Plated film is closed negative bias and silicon target power supply after finishing, and stops to feed argon gas and nitrogen, after cooling, takes out plated film spare 10.
Please consult Fig. 1 again, the plated film spare 10 that is made by above-mentioned ferrous alloy method for plating film on surface comprises matrix 11, be formed at CrON layer 13 on the matrix 11, be formed at the iridium metals layer 14 on the CrON layer 13 and form the BN layer 15 that is formed on the iridium metals layer 14.
The material of this matrix 11 can and contain stainless steel of chromium etc. for Cutlery Steel, die steel, measuring instrument steel.
The thickness of this CrON layer 13 is approximately 20 ~ 50nm.The thickness of this iridium metals layer 14 is approximately 80 ~ 150nm.The thickness of this BN layer 15 is approximately 100~200nm.
The CrON layer 13 on above-mentioned plated film spare 10 surfaces; Has very high fusing point and good compactness; The CrON film can not only stop the diffusion of oxygen effectively, and can stop the diffusion than the atom of thick atom radius such as Nb, Ti, Al, Si, Cr, can play good protection effect to matrix 11.Said iridium metals layer 14 has good high-temperature stability; Can in the air more than 1600 ℃, still have good mechanical property; Plating one deck BN layer 15 again on iridium metals layer 14 surface, BN layer 15 has oilness preferably, when plated film spare 10 is used for mould; Can improve the flowability of die surface, be easy to the demoulding.
Come the present invention is specified through embodiment below.
Embodiment 1
The material of the employed matrix 11 of present embodiment is a S316 model die steel, and it is 3 * 10 that Vakuumkammer keeps vacuum tightness -5Torr.
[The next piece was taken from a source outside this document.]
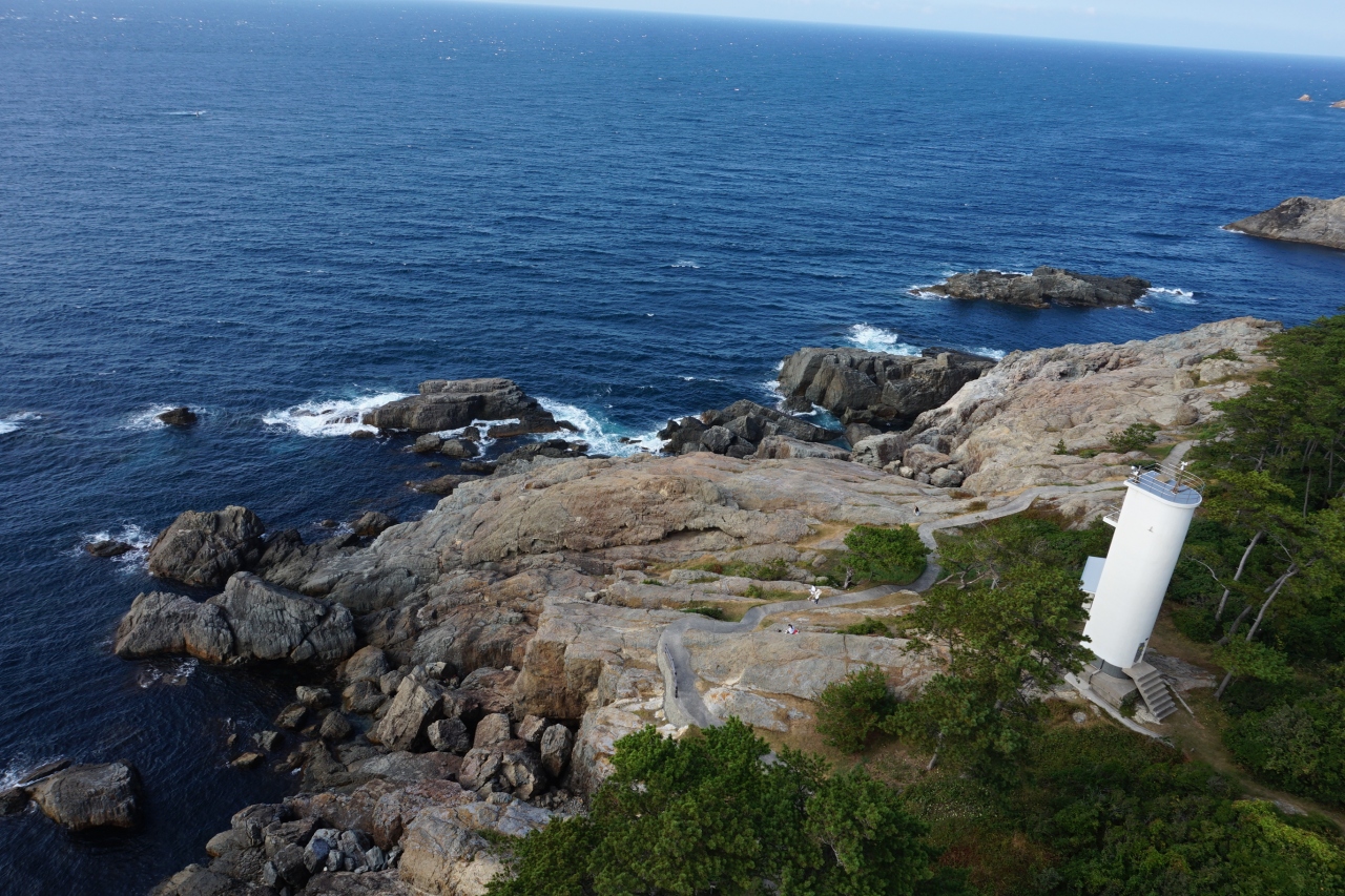 出雲の最西端の断崖にそびえたっています。高さが約43メートルで石積の灯台では日本一の高さらしいです。中にはいって163段の階段をひたすら登って上に上がります。狭いので、離合の際は下り優先です。観光客がけっこう多かったので、気を付けてください。登りついた先では360度の絶景を見渡すことが出来ます。
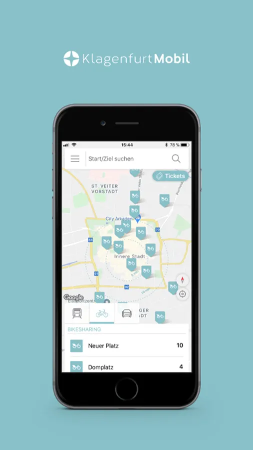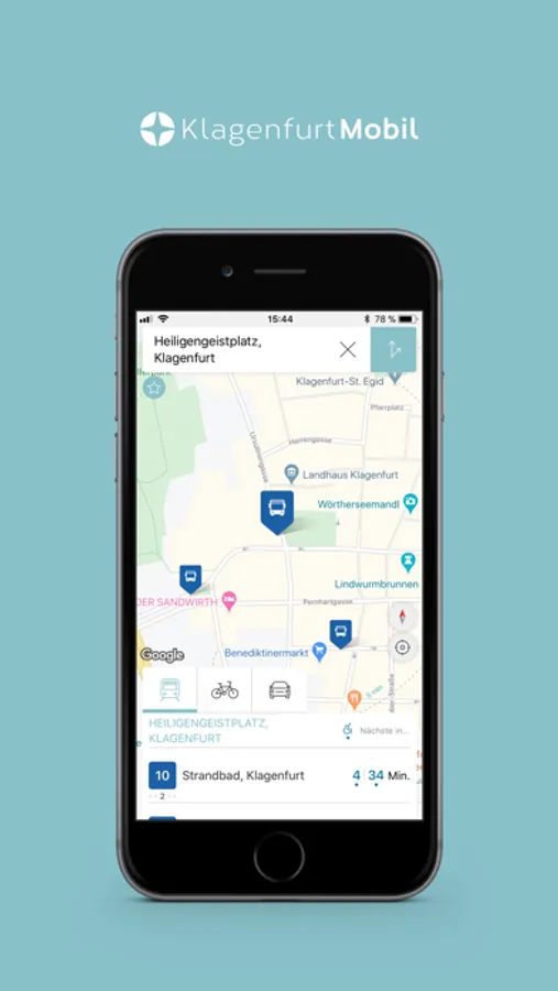 KlagenfurtMobil vereint die Fahrplanauskunft inkl. Echtzeit-Routing (zuvor auch schon mit der „qando“ App) mit der neuen Möglichkeit, Fahrscheine bequem über das eigene Smartphone zu kaufen. So kommen Sie zukünftig schnell und wann immer Sie möchten zu Ihrem Busticket. Zusätzlich erhalten Sie in KlagenfurtMobil Informationen zu Sharing-Angeboten, da z.B. auch die nextbike- Stationen (inkl. der Info, wie viele Fahrräder am gewünschten Standort zur Verfügung stehen) angezeigt werden.

Plasma clean: argon flow amount is 200sccm, and the bias voltage of matrix 11 is-300V that the plasma clean time is 5min.
Sputter CrON layer 13: the power of chromium target 26 is 8kW, and argon flow amount is 150sccm, and nitrogen flow is 30sccm, and oxygen flow is 50sccm, and the bias voltage of matrix 11 is-150V, and matrix 11 temperature are 30 ℃, and sputtering time is 6min; The thickness of this CrON layer 13 is 25nm.
Sputter iridium metals layer 14: the power of iridium target 37 is 8kW, and argon flow amount is 150sccm, and the bias voltage of matrix 11 is-150V, and the temperature of matrix 11 is 30 ℃, and the plated film time is 15min; The thickness of this iridium metals layer 14 is 90nm.
Sputter BN layer 15: the power of boron target 38 is 10kW, and the bias voltage of matrix 11 is-150V, and argon flow amount is 150sccm, and nitrogen flow is 40sccm, and the temperature of matrix 11 is 30 ℃, and the plated film time is 30min; The thickness of this BN layer 15 is 120nm.
Embodiment 2
The material of the employed matrix 11 of present embodiment is a H11 model die steel, and it is 3 * 10 that Vakuumkammer keeps vacuum tightness -5Torr.
Plasma clean: argon flow amount is 300sccm, and the bias voltage of matrix 11 is-200V that the plasma clean time is 10min.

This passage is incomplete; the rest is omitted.